On 8 March 2017 the Chancellor, Philip Hammond, delivered what is likely to be the last Spring Budget for the foreseeable future. The Budget Report itself runs to some 64 pages and contains five chapters. The most relevant chapter for education institutions is chapter four, which deals with productivity, as it is here that the Chancellor makes a number of announcements relevant to education institutions.
Further and Higher Education
The Government’s view is that whilst the academic route from GCSEs, to A-levels, to higher education is well regarded and high quality, more needs to be done in relation to the technical education system - as was identified in the Industrial Strategy green paper.
The Budget contains two specific measures to deal with this as follows:
• T-levels: 16 to 19 technical education. The Government has announced that it will introduce the new T-levels from autumn 2019, with over £500 million of additional funding being invested per year once the routes are fully implemented. Students will be able to chose from 15 different routes. The number of programme hours of training will increase by more than 50%, to over 900 hours a year on average, including the completion of a high quality industry work placement during the programme.
• Further Education maintenance loans. The Government wishes to encourage students to continue their training at high quality institutions such as National Colleges or Institutes of Technology and therefore from 2019/20 will provide maintenance loans to students on technical education courses at levels 4 to 6 at these institutions.
The Government recognises that individuals should have the opportunity to retrain and upskill at all points in their lives and to develop skills at the highest level. Consequently the Budget sets out four steps to achieve this ambition:
1. Part-time maintenance loans. Following consultation on this topic the Government has announced that it will introduce part-time maintenance loans for students starting a degree level course at a higher education provider in academic year 2018/19. The Government then intends to extend this to distance learning courses and level 4 and 5 higher education qualifications from the academic year 2019/20.
2. Doctoral loans. The Government has also confirmed, following a consultation, that it will introduce a new doctoral loan scheme providing up to £25,000 to eligible students starting their studies from academic year 2018/19 onwards. The loan will provide a contribution to the costs of study rather than covering the full fees and living costs for students and will be paid directly to the student rather than to the student’s institution.
3. Lifelong learning pilot. The Government has announced that it will be spend up to £40 million by £2018/19 to test different approaches to help people retrain and upskill through their working lives.
4. Return to work support. The Government will work with business groups and public sector organisations to identify how best to increase the numbers returning to employment following lengthy career breaks. The Government has said it will invest £5 million worth of new funding in this project.
The Government has also given further information about the National Productivity Investment Fund (NPIF) which was established in the Autumn Statement 2016 to provide over £23 billion of high value investment between 2017/18 and 2021/22. In the Autumn Statement the Government announced that £4.7 billion from the NPIF would go to research and development and further information has now been provided on how some of that money will be invested.
The Industrial Strategy Challenge Fund (ISCF) will support collaborations between businesses and the UK science base with an initial investment of £270 million in 2017/18. This will include:
• Developing, designing and manufacturing batteries that will power the next generation of electric vehicles;
• Developing cutting edge artificial intelligence and robotic systems that will operate in extreme and hazardous environments; and
• Accelerating patient access to new drugs and treatment through developing brand new medicine manufacturing technologies.
The NPIF will also invest £250 million over the next four years on building a pipeline of high-skilled research talent necessary for a growing and innovative economy as follows:
• £90 million will provide an additional 1,000 PhD places in areas aligned with the Industrial Strategy. The Government states that around 85% of these places will be in STEM disciplines.
• £160 million will support new fellowships for early and mid-career researchers in areas aligned to the Industrial Strategy.
The NPIF will also invest over £100 million during the course of the next four years to attract the brightest minds to the UK by:
• ring-fencing £50 million of funding specifically for fellowship programmes to attract global talent; and
• allocating over £50 million to support fellowships that attract researchers to the UK from emerging research powerhouses such as India, China, Brazil and Mexico.

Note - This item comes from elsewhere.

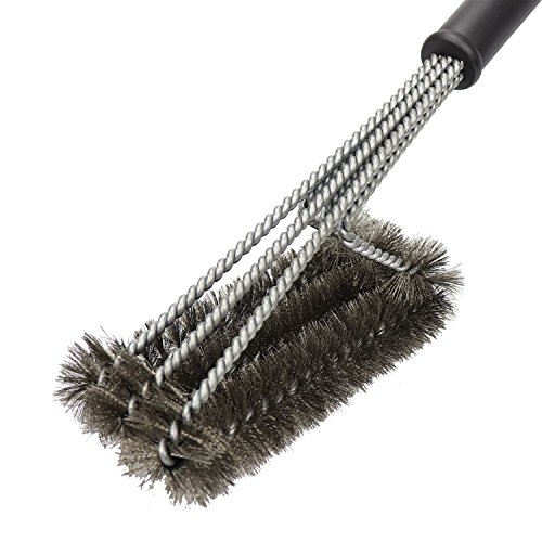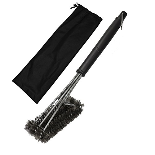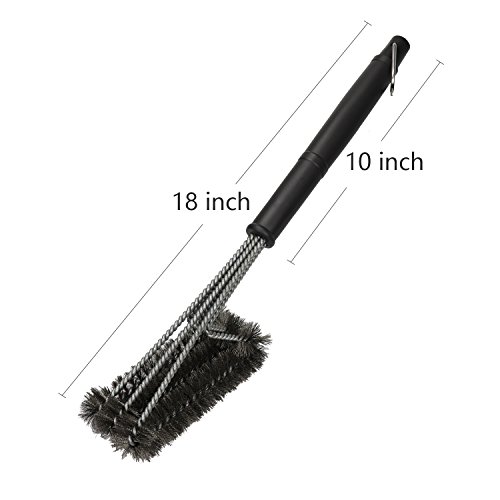 Unique Design - This 18" long barbecue brush has three brushes in one, each with its own equivalent stroke. Be prepared to clean every bit of residue with its innovative 360 degree rotator.

The Government is of the opinion that there are one million children in underperforming schools and the Budget sets out the following further steps that the Government is taking to ensure that every child has the opportunity of a good place at school:
• Schools investment. £320 million will be invested during the course of the current Parliament to extend the free schools programme by funding up to 140 schools, The intention is that 30 of these schools will open by September 2020 and will be located “where they are most needed to improve the choice of schools available to parents, following a rigorous assessment of local factors”.
• School maintenance. A further £216 million will be invested to improve the condition of the school estate.
• School transport. The Government says it wishes to ensure that children from disadvantaged backgrounds have every opportunity to access the best possible education, without the cost of transport acting as a barrier. It has therefore announced the provision of free transport for children aged 11 to 16, who receive free school meals or whose parents claim maximum working tax credit, to attend the nearest selective school in their area (this will need to be within two to 15 miles of their home). The Government has said this is to bring the transport provision for free schools in line with that for those travelling to their nearest school on faith or belief grounds.